Grandview is about as far away from the strip as any resort in Vegas. Granted it's address may be on S. LV Blv. but it's not anywhere close to the action of the strip. Since it's a relatively new resort, I'm assuming you're looking at buying from the developer. If that's the case, DON'T do it. You'll be buying into a relatively well developed area (some say over developed) and in a loation that's not prime.


----------



## JamminJoe (Feb 3, 2007)

Hi, I have stayed at Grandview and its a great resort and for those of us who don't want to be in the middle of all the action, it offers a nice break. Its a 10minn drive to the "action" there is a great casino just built next door, 2-5 minn walk and I bought my 1 bedroom, annual use, week 11 (not points) for $1,001.00 on ebay 2 weeks ago, maintenenace fee is $295.00.:whoopie:


----------



## cluemeister (Feb 3, 2007)

A few thoughts:

If you are going to vegas at least every other year, and don't need to be on the strip,  I would suggest a Grandview resale.  I've stayed in the 1 BR units, and they are very nice.  

If you're doing it solely for points, I would take others' advice and look elsewhere.  

That $1000 deal for week 11 was terrific.  Especially with the brand new casino next door!


----------



## dougp26364 (Feb 3, 2007)

JamminJoe said:


> Hi, I have stayed at Grandview and its a great resort and for those of us who don't want to be in the middle of all the action, it offers a nice break. Its a 10minn drive to the "action" there is a great casino just built next door, 2-5 minn walk and I bought my 1 bedroom, annual use, week 11 (not points) for $1,001.00 on ebay 2 weeks ago, maintenenace fee is $295.00.:whoopie:



At $1001.00 you got a decent deal (only time will tell if it's a great deal or if the value will go down further) but, it's not a points week like the OP is wanting. If they can find as good a deal for a points week then I'd say it's might be the thing to do. 

The only issue I have with points is that the value isn't set in stone. Depending upon demand, those points can change either up or down. In my mind you'll be better served by purchasing a beach or ski week that will most likely have consistant demand rather than an inland week at travel destinations like Vegas or over developed desintation such as Orlando.

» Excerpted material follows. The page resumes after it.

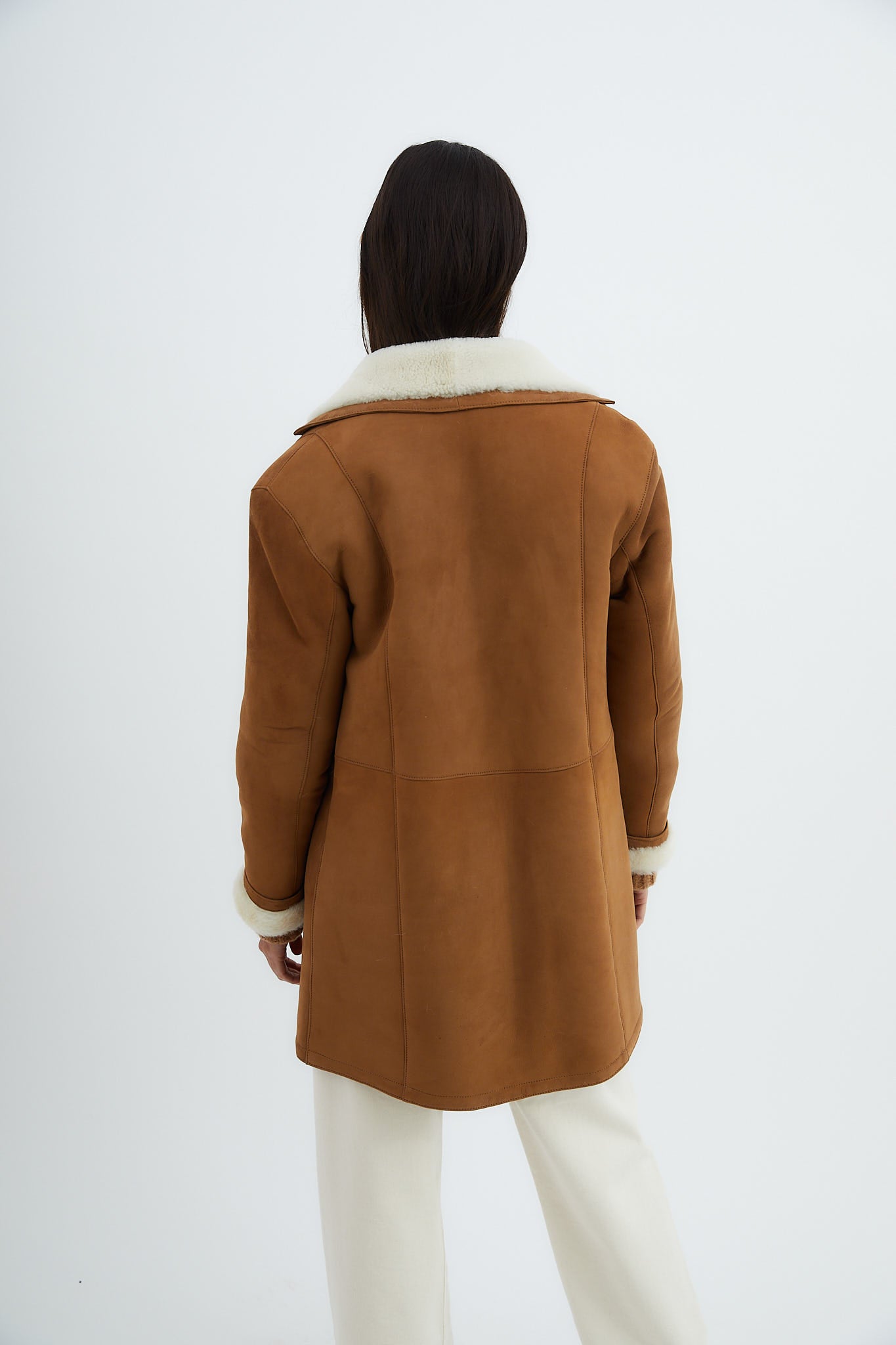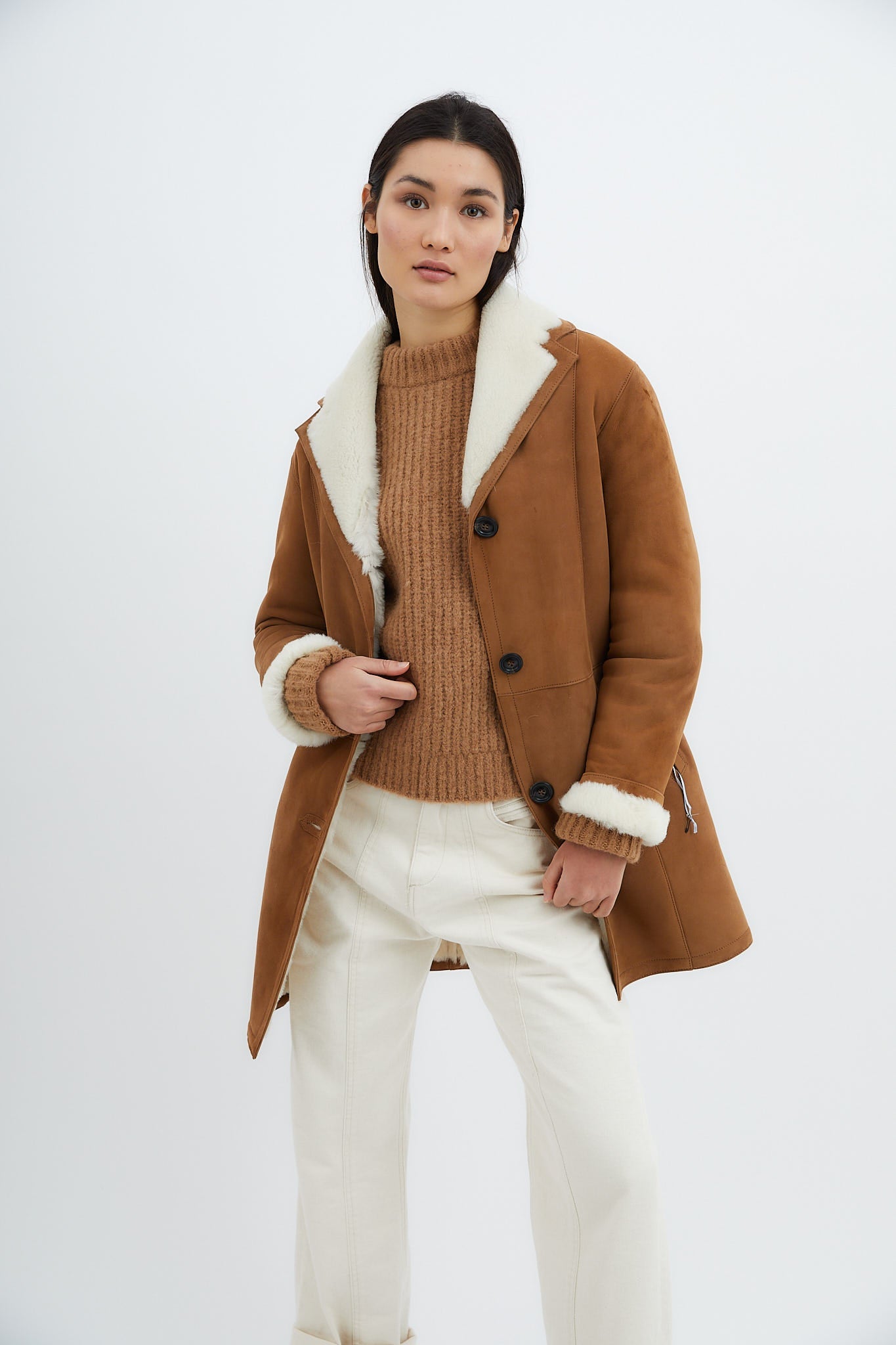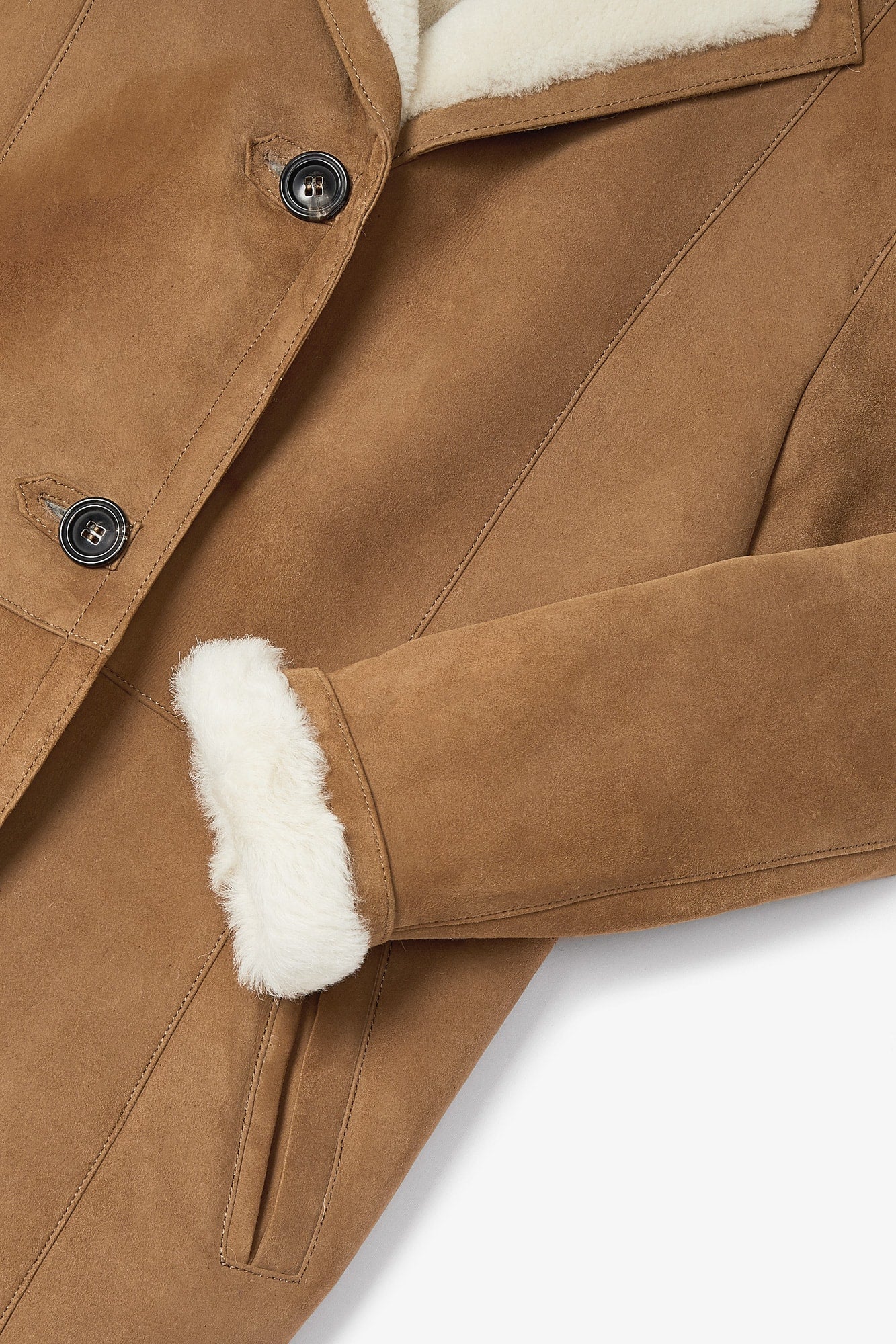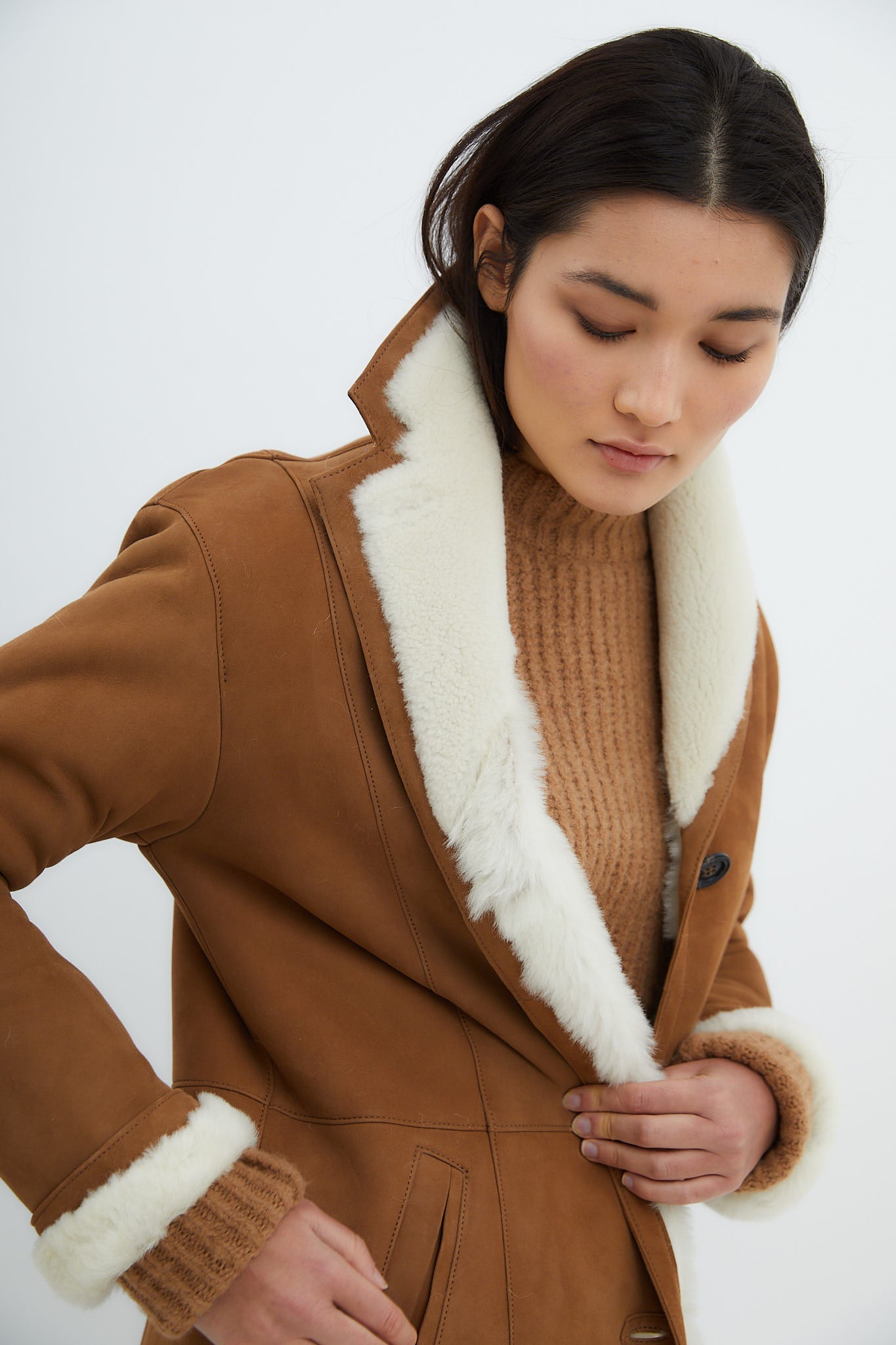 Este invierno volvemos a apostar por la artesanía española y las prendas de piel que más os gustan. Chaquetón de piel vuelta con pelo en el interior, hombro marcado, cuello de solapas y cierre cruzado con tres botones en el delantero. La piel es reutilizada del sector alimentario.

The main issue many have with timeshare is demand fluctuates. Buying something strictly for points or exchange has it's risks. What once was  good exchanger or had great points value yesterday might not have the same value today. That's why I think it's important to own at a resort that, if all else fails, you wouldn't mind vacationing at on a regular basis.


----------



## JoeMO (Feb 3, 2007)

*Info on MF*

I think that the MF at Grandview is at least $100 below a comparable resort in LV.  However, I would suspect that will change at some point.  

The cost to clean, maintain, repair, replace, utilities, taxes and personnel are pretty much the same for every resort.  These cost are mostly fixed and are about the same for ever resort, of comparable size and features, in any given area. 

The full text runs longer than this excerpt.